Lecture 29: Review

class: center, middle

# Artificial Intelligence

## Review

---

# Planning

Given the actions, initial state and goal below, find a plan that solves this planning problem

```Lisp
(:action exchange :parameters (?a ?b ?w)
  :precondition (and (at ?a ?w) (at ?b ?w))
  :effect (and (when (has ?a money) 
                  (and (not (has ?a money)) (has ?b money)))
               (when (has ?b money) 
                  (and (not (has ?b money)) (has ?a money)))))

(:action move :parameters (?who ?fr ?to)
  :precondition (at ?who ?fr)
  :effect (and (not (at ?who ?fr)) (at ?who ?to)))

(:init 
   (at carl house)
   (at dieter yard)
   (has carl money))

(:goal (and (at carl street) (has dieter money)))
```

---

# Unsupervised Learning

Briefly Explain Lloyd's algorithm ("k-means algorithm")

You are running Lloyd's algorithm with k=2, and are currently in the state shown below. Draw (approximately) where the cluster centers will be in the next step, and explain why.

<a href="/CI-0129/assets/img/clusterproblemclear.png">Clear version</a>

---

# Unsupervised Learning

For the data given below, show a potential clustering Lloyd's algorithm could produce for k=3. Is this a good clustering? Why/why not?

---

# Q-Learning

Explain each of the terms in the Q update expression:

$$
Q(s,a) \leftarrow (1-\alpha) \cdot Q(s,a) + \alpha \cdot  (R(s) + \gamma \max_{a'} Q(T(s,a),a'))
$$

---

# Q-Learning

Given the Q-table below, which action would the policy defined by this table select in state 2?

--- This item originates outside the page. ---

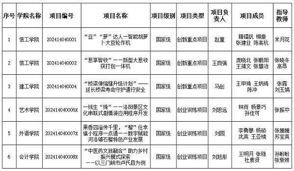 根据教育部《关于公布2024年国家级大学生创新训练计划项目名单和结题验收结果的通知》(教高司函〔2024〕13号)和河南省教育厅《关于公布2024年大学生创新训练计划项目名单和结题验收结果的通知》(教高〔2024〕376号),点点官网申报的10个大学生创新训练计划项目获批国家级6项、省级3项,国家级项目立项数量取得新突破,具体名单如下:
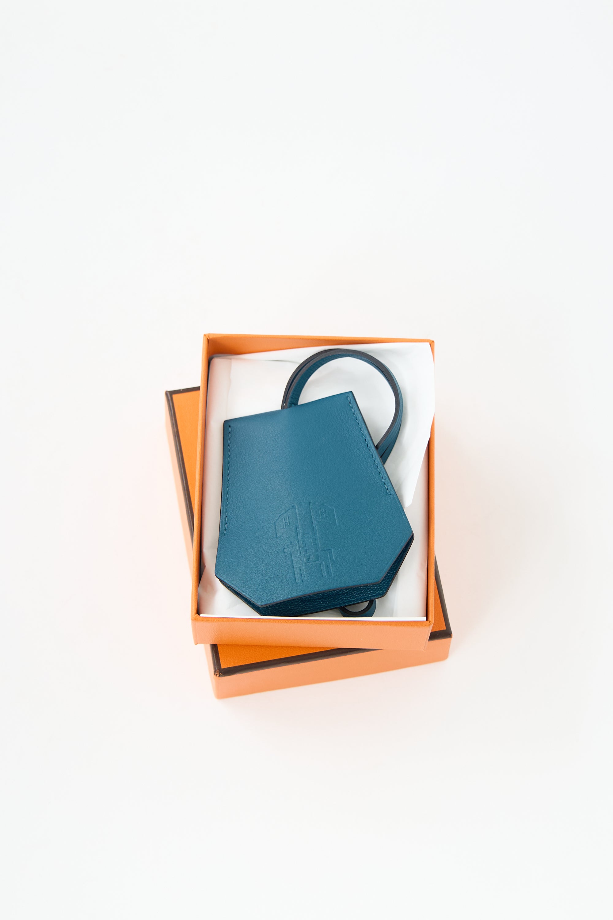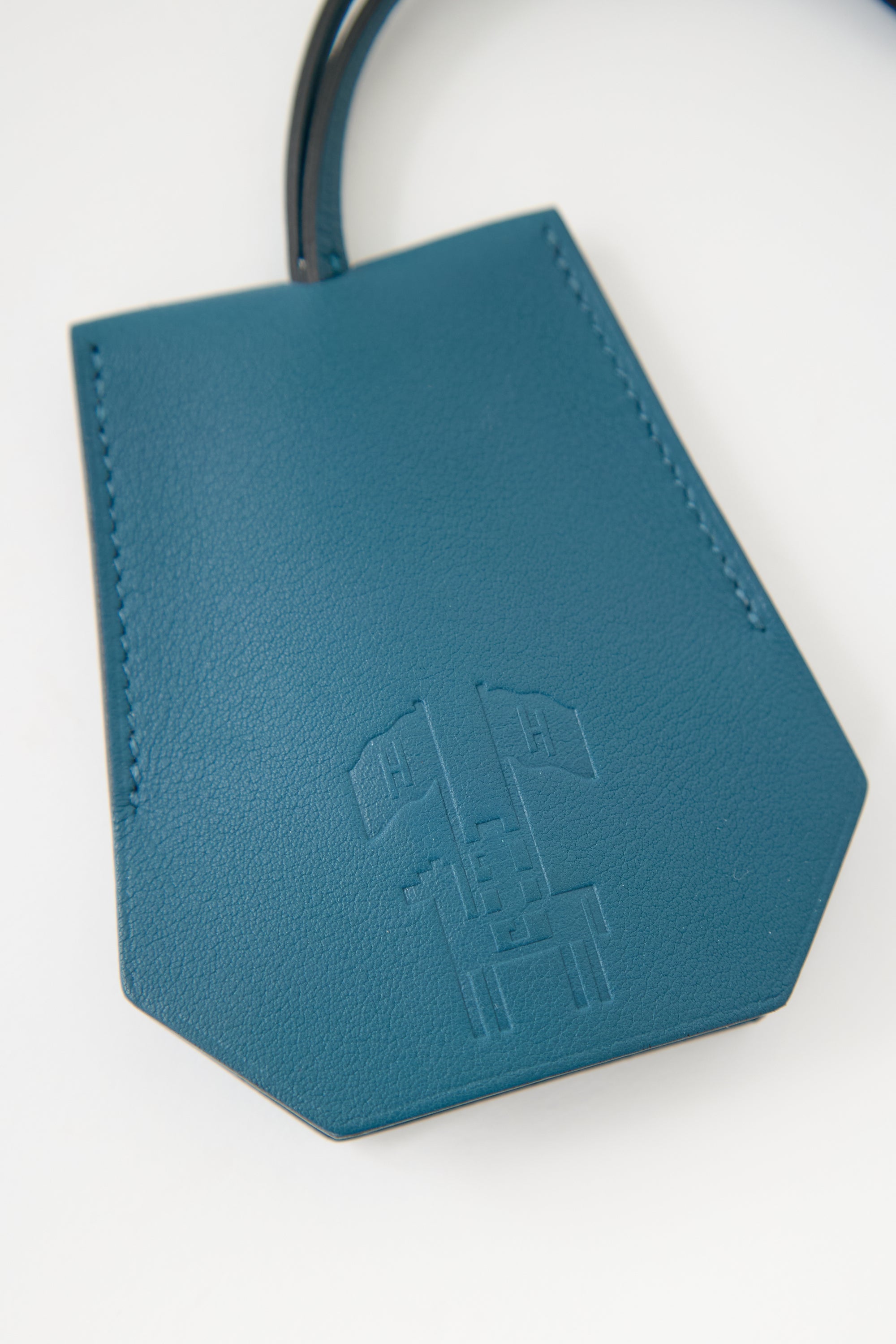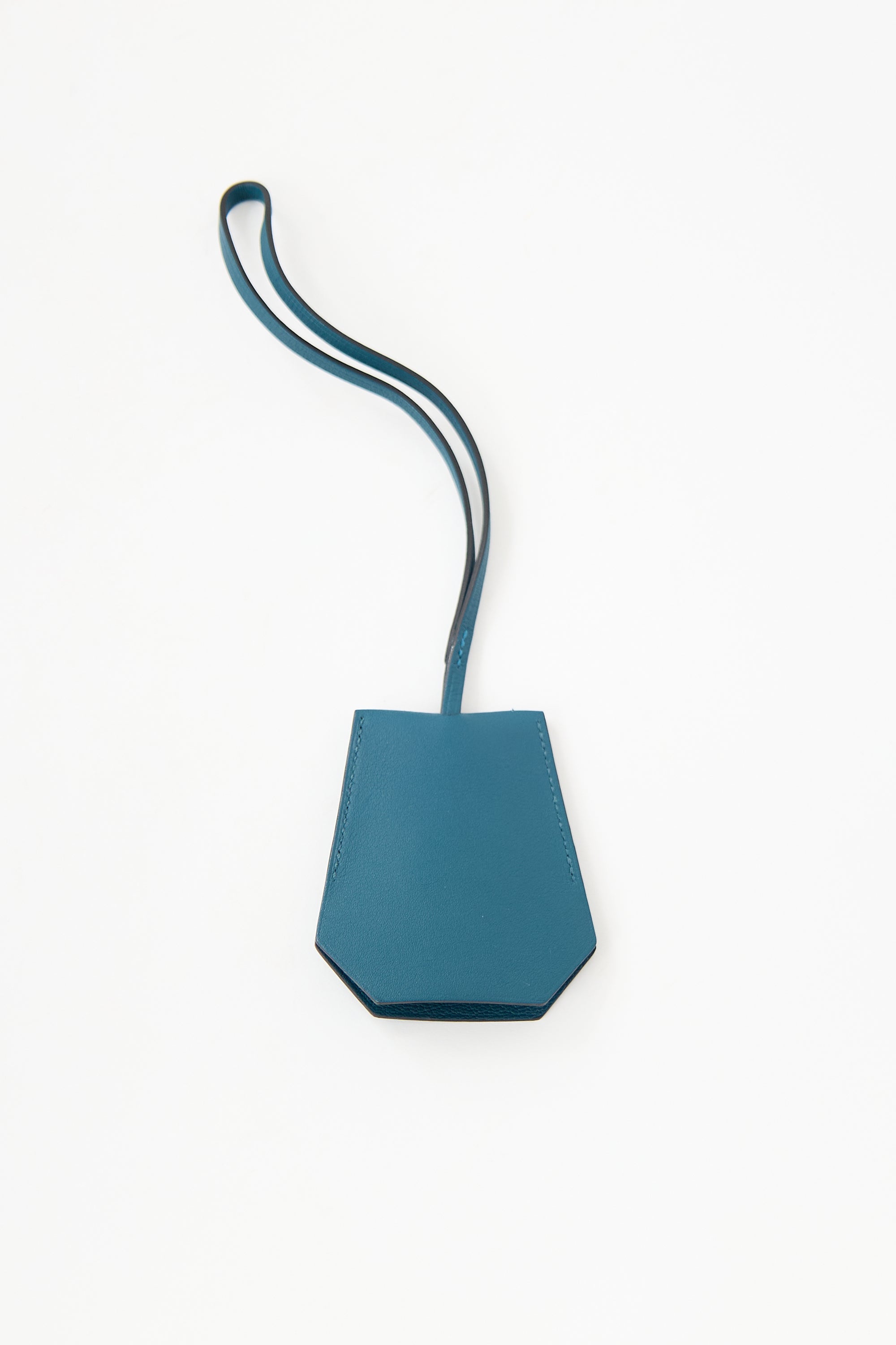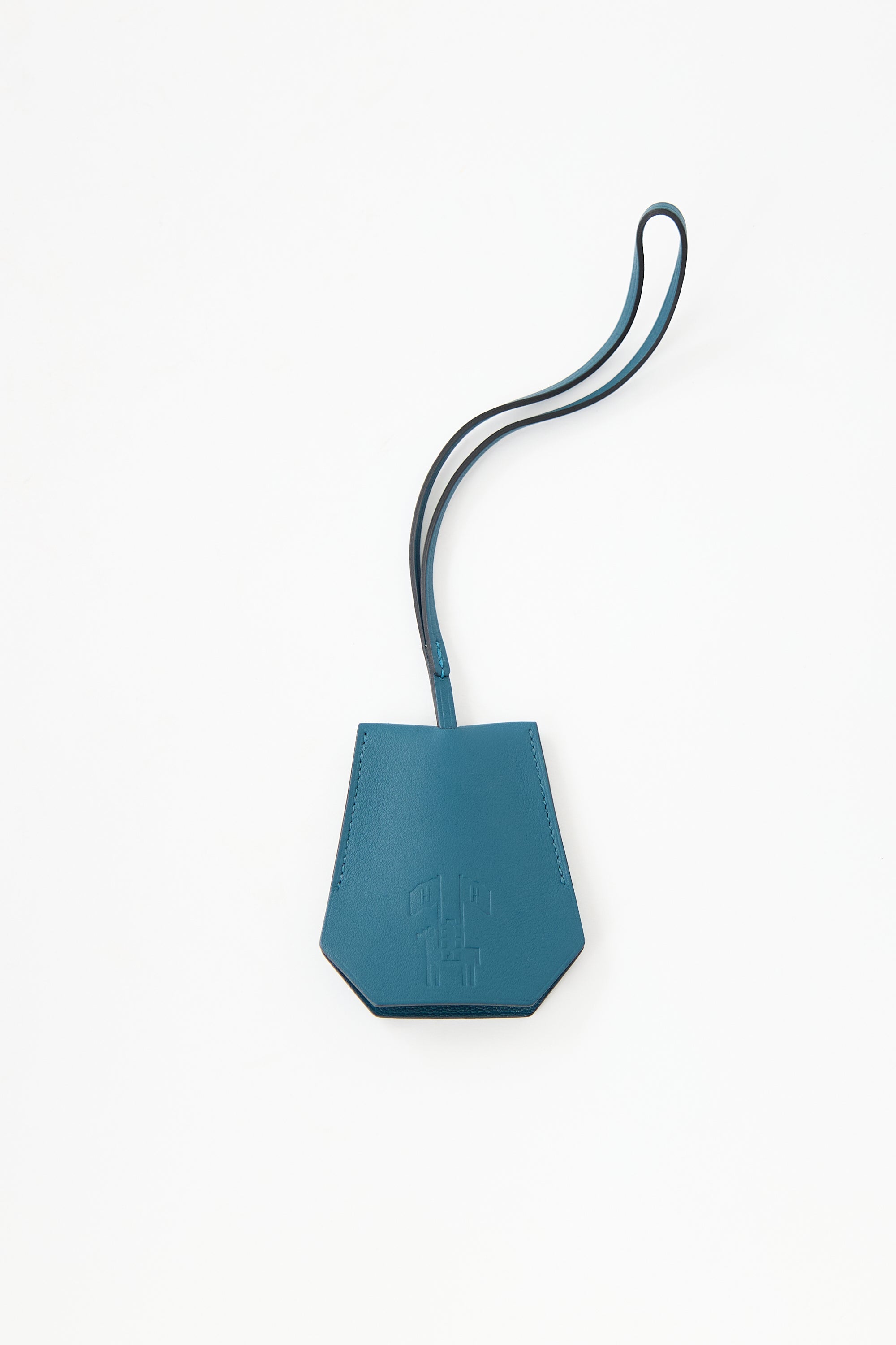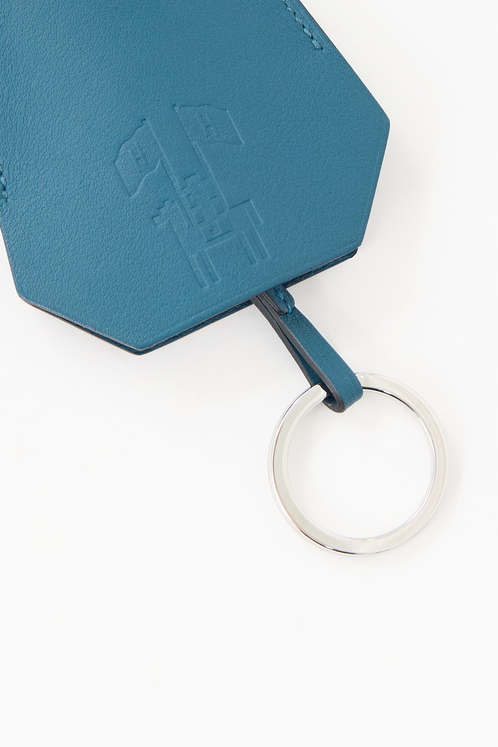 Pre-owned Hermès blue swift leather Clochette Cles keychain featuring leather strap, tonal stitch, silver tone key ring, and horse and flag stamp at front.

State | Walk left | Walk right | Jump
------|-----------|------------|--------
1     |   2.313   | 1.337      | 6.1
2     |   1.5     | -2.8       | 0.24
3     |  -4.1     | 2.4        | 0.0
4     |  -2.6     | 3.4        | -1

---

# Q-Learning

Given the Q-table below, your agent is in state 2, performs the action "walk left", which results in a reward of 0.7 and leads to state 3. How will the Q-table change, using the Q-update rule using a learning rate of 0.5, and a discount factor (gamma) of 0.75?

$$
Q(s,a) \leftarrow (1-\alpha) Q(s,a) + \alpha \cdot (R(s) + \gamma \cdot \max_{a} Q(T(s,a),a))
$$

State | Walk left | Walk right | Jump
------|-----------|------------|--------
1     |   2.313   | 1.23       | 6.1
2     |   1.5     | -2.8       | 0.24
3     |  -4.1     | 2.4        | 0.0
4     |  -2.6     | 3.4        | -1

---

# Supervised Learning

* What is Regression?

* What is Classification?

---

# Classification

You are given a set of images, with 100x100 pixels, some of which are spoons, and some are forks. You are tasked with implementing a classifier to distinguish between these two types of silverware.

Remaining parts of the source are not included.